* TASK GOAL
Find "Verizon Business ’" in the material, then return exactly the line containing it and all lines after it to the end, leaving out pictures.

++++++++++++++++++++

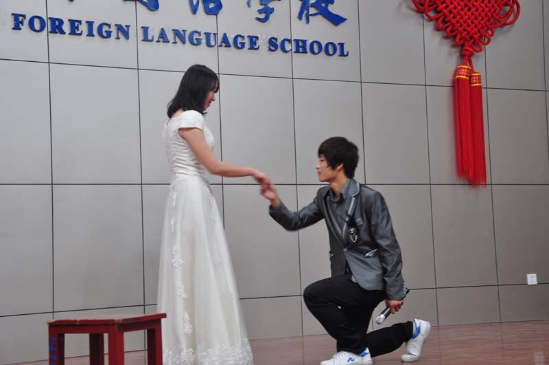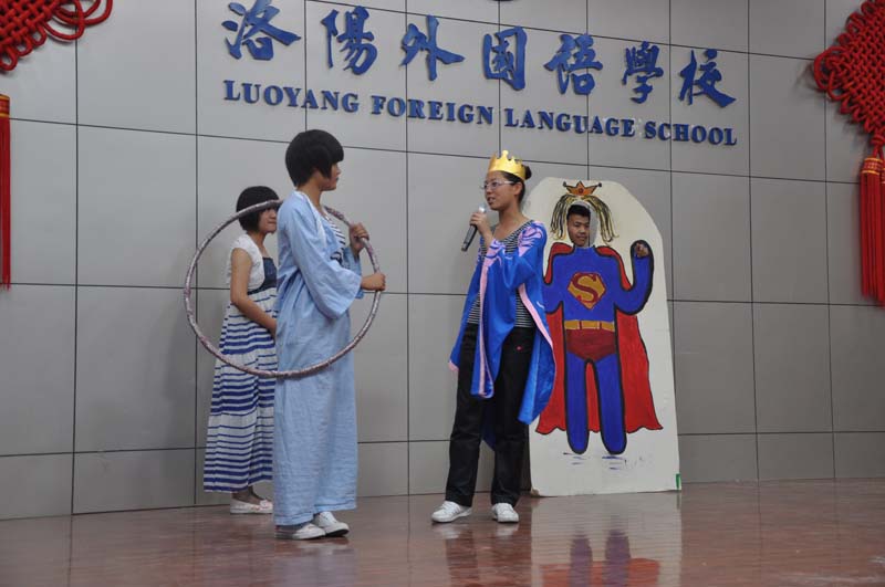 2012年5月10日星期四,我校第二届艺术文化节的“英语课本剧展演”、“英语演讲比赛”如期举行,魏校长致开幕词。《荆轲刺秦》、《白雪公主》等剧目让学生们演绎得精彩纷呈,赢得了大家的整整掌声;一些创意十足的桥段也会让大家忍俊不禁,同学们估计不会想到:荆轲的霹雳舞其实跳的不错。参加英语演讲比赛同学的标准发音更是凸显了我校的外语特色。
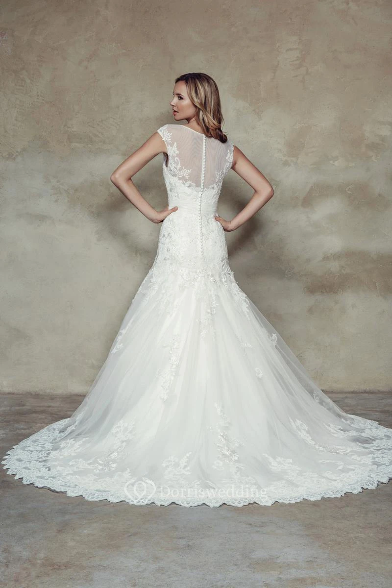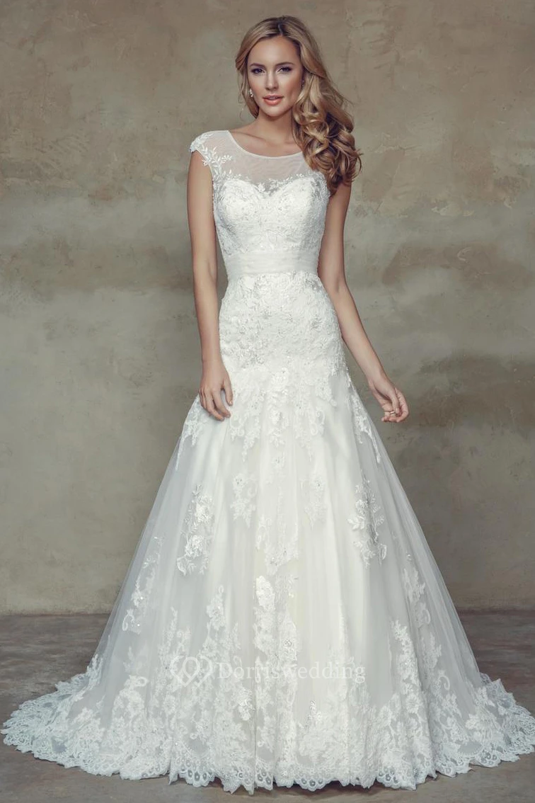 A-Line Cap-Sleeve Scoop-Neck Lace Wedding Dress With Illusion
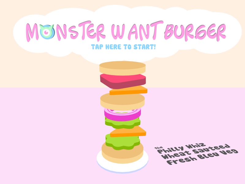 Das Ziel von Monster Want Burger, das sich offiziell an eine Zielgruppe im Alter von 6 bis 8 Jahren richtet, aber durchaus auch Erwachsenen Spaß bereiten kann, ist das schnelle Füttern eines gefräßigen Monsters mit selbstgebauten Burgern. Letzere fallen in ihren Einzelteilen von oben auf einen Teller herab und müssen vom Spieler möglichst schnell zusammengesetzt werden, ohne dass die Zeit abläuft.
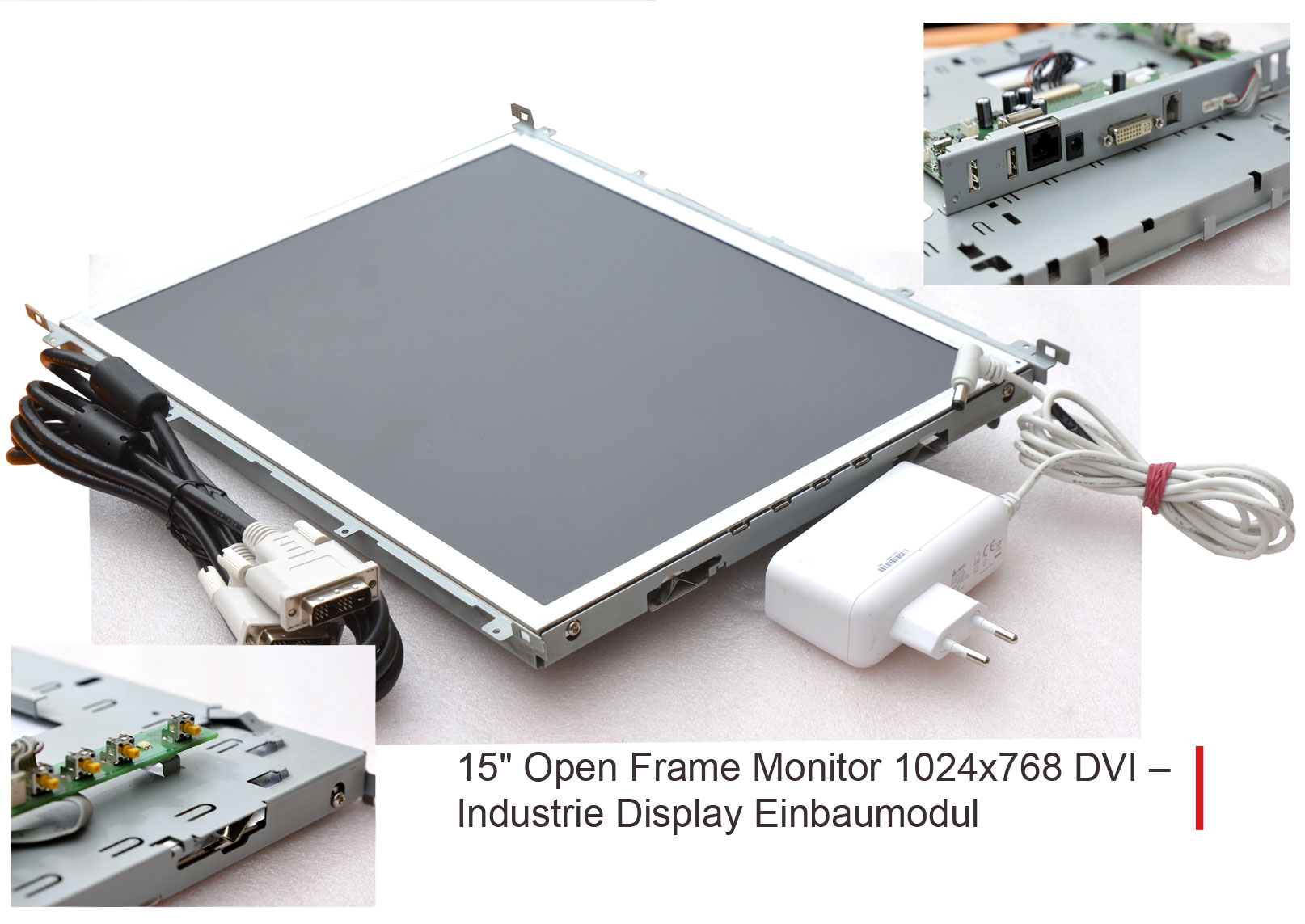 Open Frame Monitor Display 15" 38,1cm 1024x768 DVI
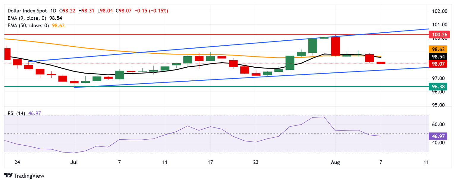 On the upside, the US Dollar Index may target the initial barrier at the 50-day EMA of 98.54, aligned with the 50-day EMA at 98.62. A successful breach above this level would strengthen the short- and medium-term price momentum and support the DXY to approach the three-month high at 100.26, which was recorded on August 1, followed by the upper boundary of the ascending channel around 100.40.
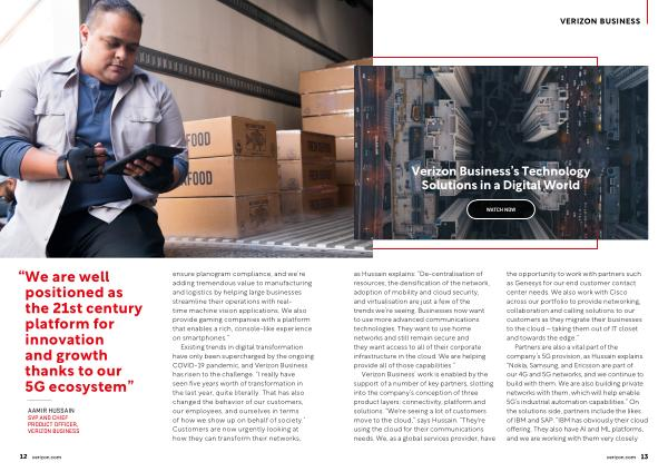 Verizon Business ’ work is enabled by the support of a number of key partners , slotting into the company ’ s conception of three product layers : connectivity , platform and solutions . “ We ' re seeing a lot of customers move to the cloud ,” says Hussain . “ They ' re using the cloud for their communications needs . We , as a global services provider , have the opportunity to work with partners such as Genesys for our end customer contact center needs . We also work with Cisco across our portfolio to provide networking , collaboration and calling solutions to our customers as they migrate their businesses to the cloud – taking them out of IT closet and towards the edge .”
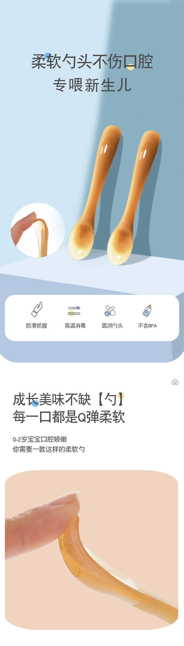 新生儿硅胶软勺婴儿勺柔软勺头辅食勺喂水勺喂养勺
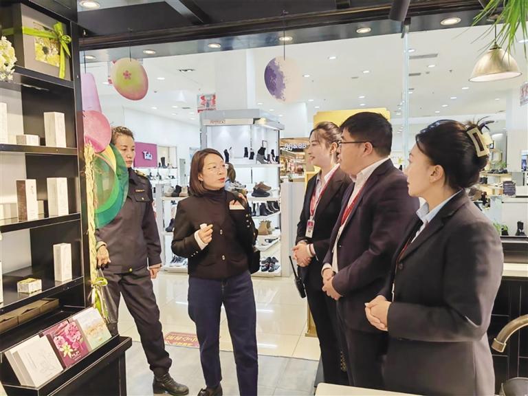 市場(chǎng)監(jiān)管部門執(zhí)法人員對(duì)化妝品店開展檢查。資料圖
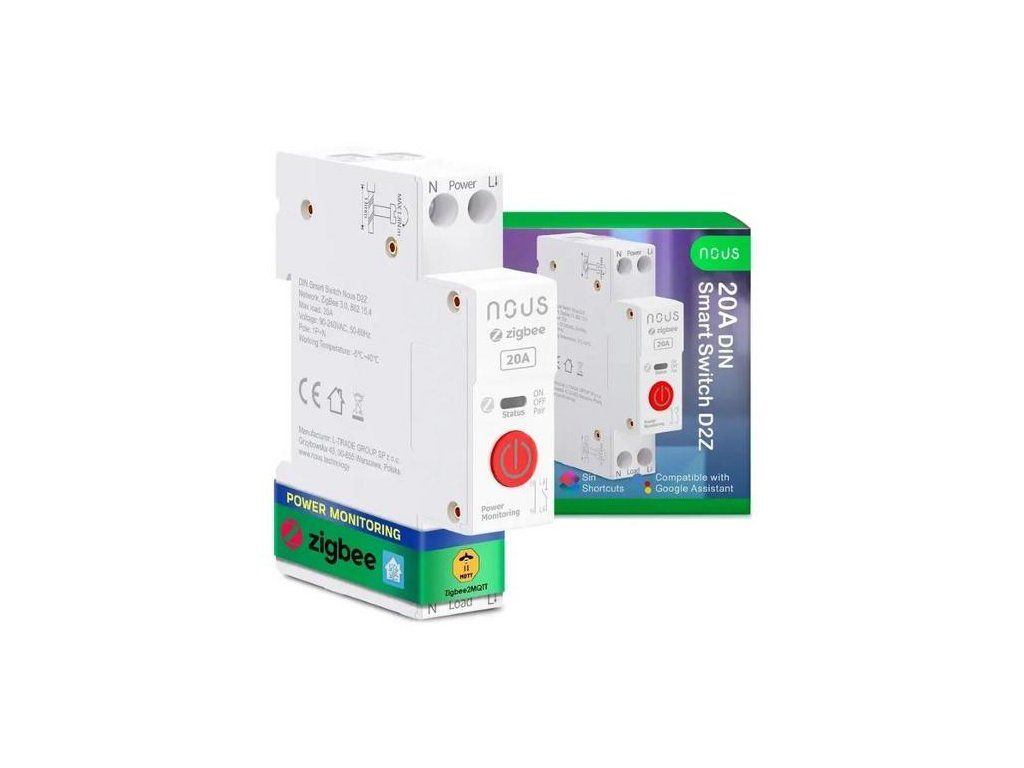 NOUS D2Z DIN smart integrovaný spínač, WiFi switch 20A, kompatibilní s ZigBee a Tuya

++++++++++++++++++++

* OUTPUT OF THE EXERCISE
 Verizon Business ’ work is enabled by the support of a number of key partners , slotting into the company ’ s conception of three product layers : connectivity , platform and solutions . “ We ' re seeing a lot of customers move to the cloud ,” says Hussain . “ They ' re using the cloud for their communications needs . We , as a global services provider , have the opportunity to work with partners such as Genesys for our end customer contact center needs . We also work with Cisco across our portfolio to provide networking , collaboration and calling solutions to our customers as they migrate their businesses to the cloud – taking them out of IT closet and towards the edge .”
 新生儿硅胶软勺婴儿勺柔软勺头辅食勺喂水勺喂养勺
 市場(chǎng)監(jiān)管部門執(zhí)法人員對(duì)化妝品店開展檢查。資料圖
 NOUS D2Z DIN smart integrovaný spínač, WiFi switch 20A, kompatibilní s ZigBee a Tuya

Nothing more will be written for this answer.